• [Source data]
%%

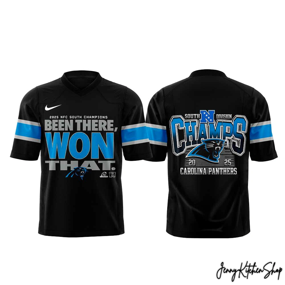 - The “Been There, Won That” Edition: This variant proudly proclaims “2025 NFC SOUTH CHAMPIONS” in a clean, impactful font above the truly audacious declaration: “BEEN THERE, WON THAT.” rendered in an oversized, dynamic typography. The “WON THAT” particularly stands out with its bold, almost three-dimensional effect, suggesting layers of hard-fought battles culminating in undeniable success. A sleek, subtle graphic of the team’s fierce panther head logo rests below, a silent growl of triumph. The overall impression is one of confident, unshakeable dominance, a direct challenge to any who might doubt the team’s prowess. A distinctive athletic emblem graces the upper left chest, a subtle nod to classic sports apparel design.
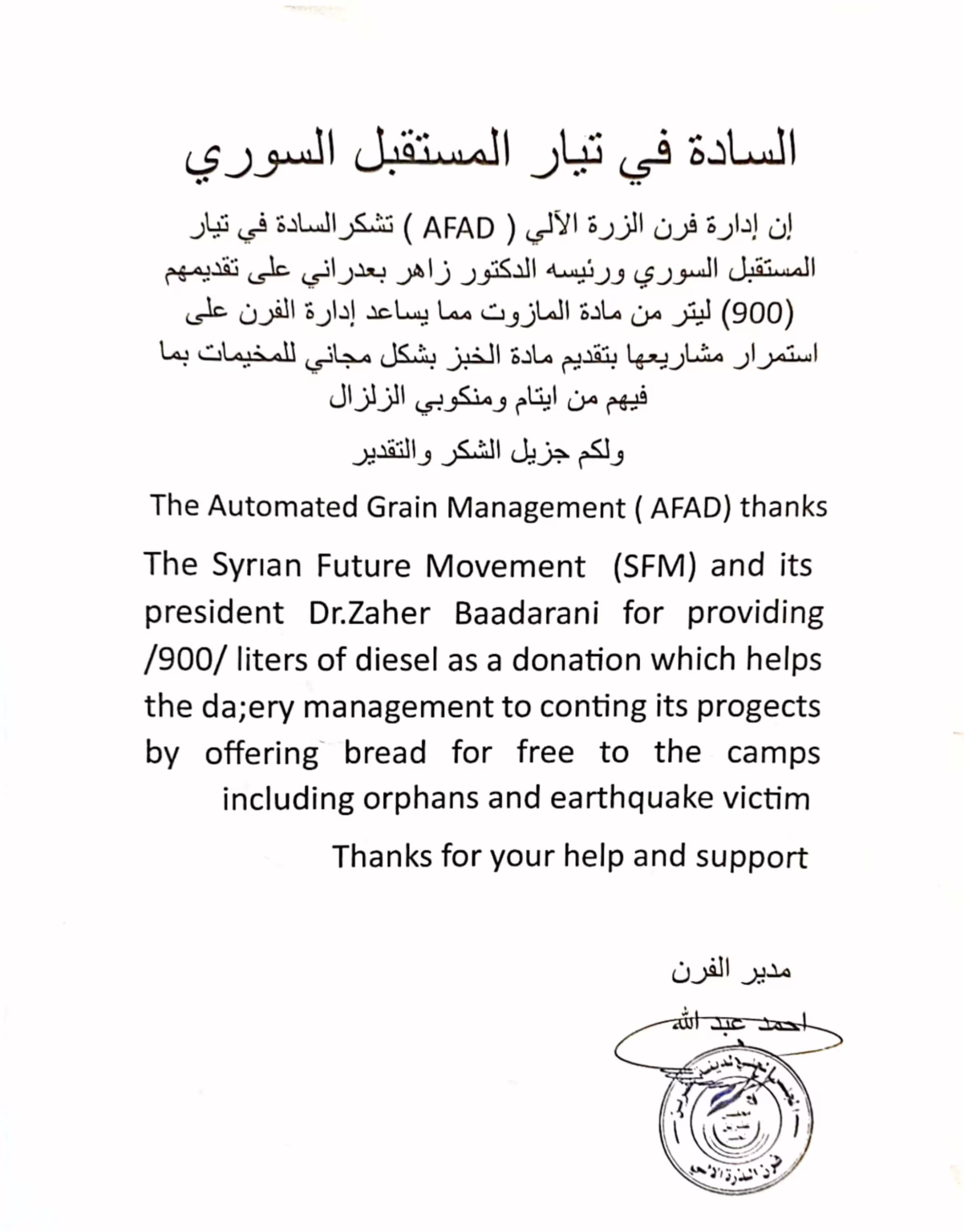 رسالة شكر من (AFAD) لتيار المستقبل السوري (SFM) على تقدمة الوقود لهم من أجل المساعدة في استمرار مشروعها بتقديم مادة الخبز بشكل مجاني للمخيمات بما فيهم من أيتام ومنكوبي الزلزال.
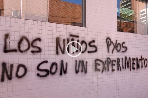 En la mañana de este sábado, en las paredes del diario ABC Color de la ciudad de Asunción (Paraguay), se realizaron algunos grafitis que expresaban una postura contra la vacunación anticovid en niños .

%%

• [Task] An exact copy of the data is required, with the pictures excluded.

• [Output for this task]
 - The “Been There, Won That” Edition: This variant proudly proclaims “2025 NFC SOUTH CHAMPIONS” in a clean, impactful font above the truly audacious declaration: “BEEN THERE, WON THAT.” rendered in an oversized, dynamic typography. The “WON THAT” particularly stands out with its bold, almost three-dimensional effect, suggesting layers of hard-fought battles culminating in undeniable success. A sleek, subtle graphic of the team’s fierce panther head logo rests below, a silent growl of triumph. The overall impression is one of confident, unshakeable dominance, a direct challenge to any who might doubt the team’s prowess. A distinctive athletic emblem graces the upper left chest, a subtle nod to classic sports apparel design.
 رسالة شكر من (AFAD) لتيار المستقبل السوري (SFM) على تقدمة الوقود لهم من أجل المساعدة في استمرار مشروعها بتقديم مادة الخبز بشكل مجاني للمخيمات بما فيهم من أيتام ومنكوبي الزلزال.
 En la mañana de este sábado, en las paredes del diario ABC Color de la ciudad de Asunción (Paraguay), se realizaron algunos grafitis que expresaban una postura contra la vacunación anticovid en niños .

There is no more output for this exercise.